NVIDIA Continues To Sweep AI Training Benchmarks With Hopper & Ampere GPUs
Press Release: In industry-standard tests of AI training, NVIDIA H100 Tensor Core GPUs set world records on enterprise workloads; A100 raised the bar in high-performance computing. Two months after their debut sweeping MLPerf inference benchmarks, NVIDIA H100 Tensor Core GPUs set world records across enterprise AI workloads in the industry group’s latest tests of AI training. Together, the results show H100 is the best choice for users who demand the utmost performance when creating and deploying advanced AI models. NVIDIA H100 GPUs (aka Hopper) set world records for training models in all eight MLPerf enterprise workloads. They delivered up to 6.7x more performance than previous-generation GPUs when they were first submitted on MLPerf training. By the same comparison, today’s A100 GPUs pack 2.5x more muscle, thanks to advances in software. A100 GPUs Hit New Peak in HPC In the separate suite of MLPerf HPC benchmarks, A100 GPUs swept all tests of training AI models in demanding scientific workloads run on supercomputers. The results show the NVIDIA AI platform’s ability to scale to the world’s toughest technical challenges.
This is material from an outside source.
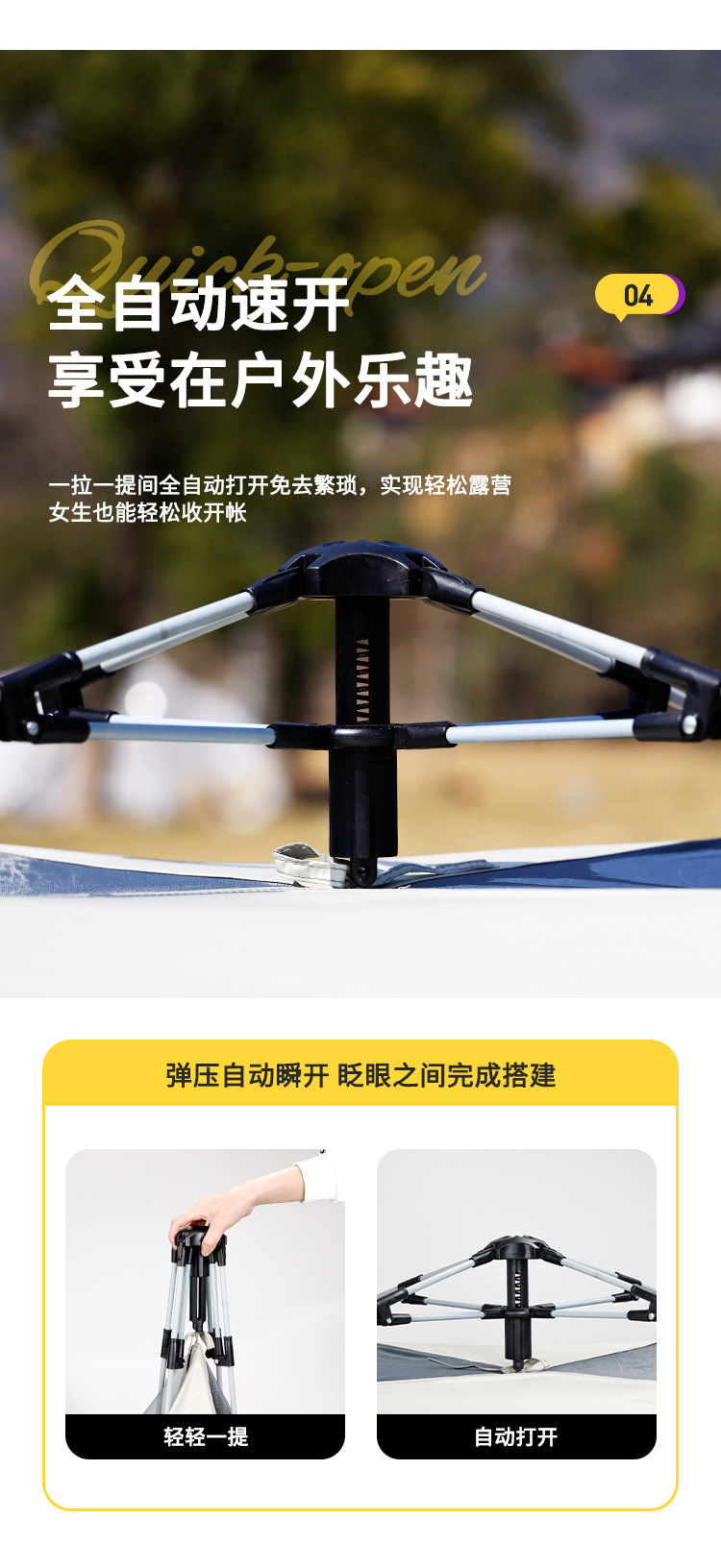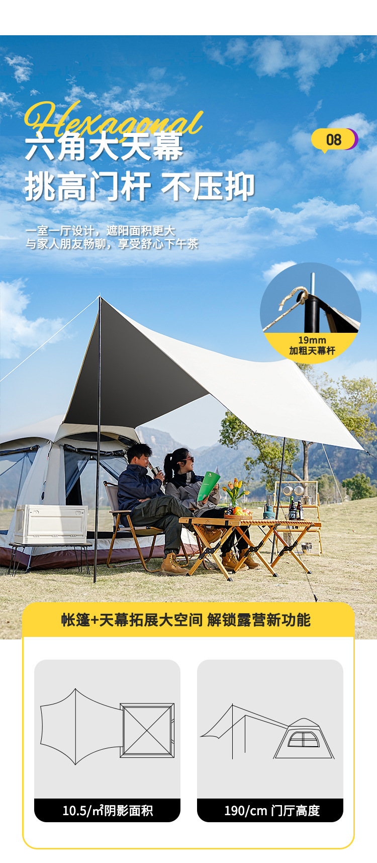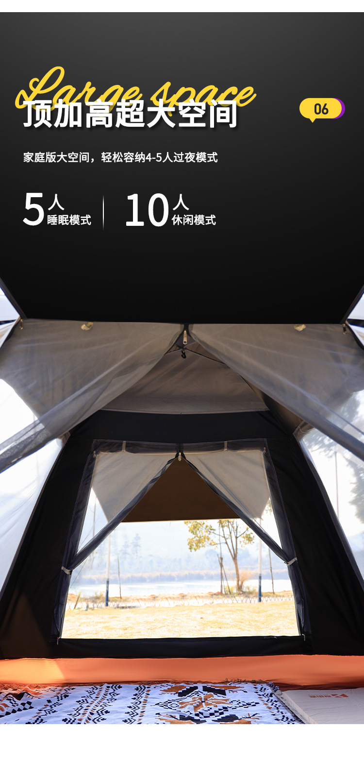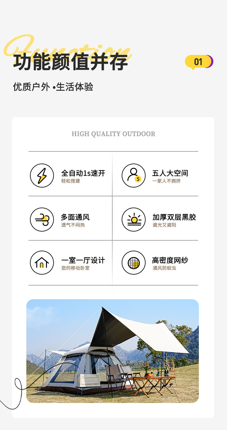 戶外新款四角帳篷加天幕二合一黑膠銀膠營地天幕露營帳篷全自動

For example, A100 GPUs trained AI models in the CosmoFlow test for astrophysics 9x faster than the best results two years ago in the first round of MLPerf HPC. In that same workload, the A100 also delivered up to a whopping 66x more throughput per chip than an alternative offering. The HPC benchmarks train models for work in astrophysics, weather forecasting, and molecular dynamics. They are among many technical fields, like drug discovery, and adopting AI to advance science.
Supercomputer centers in Asia, Europe, and the U.S. participated in the latest round of the MLPerf HPC tests. In its debut on the DeepCAM benchmarks, Dell Technologies showed strong results using NVIDIA A100 GPUs. An Unparalleled Ecosystem In the enterprise AI training benchmarks, a total of 11 partners, including the Microsoft Azure cloud service, made submissions using NVIDIA A100, A30, and A40 GPUs. System makers including ASUS, Dell Technologies, Fujitsu, GIGABYTE, Hewlett Packard Enterprise, Lenovo, and Supermicro used a total of nine NVIDIA-Certified Systems for their submissions. For example, submissions in the latest HPC tests applied a suite of software optimizations and techniques described in a technical article. Together they slashed runtime on one benchmark by 5x, to just 22 minutes from 101 minutes. In the latest round, at least three partners joined NVIDIA in submitting results on all eight MLPerf training workloads. That versatility is important because real-world applications often require a suite of diverse AI models.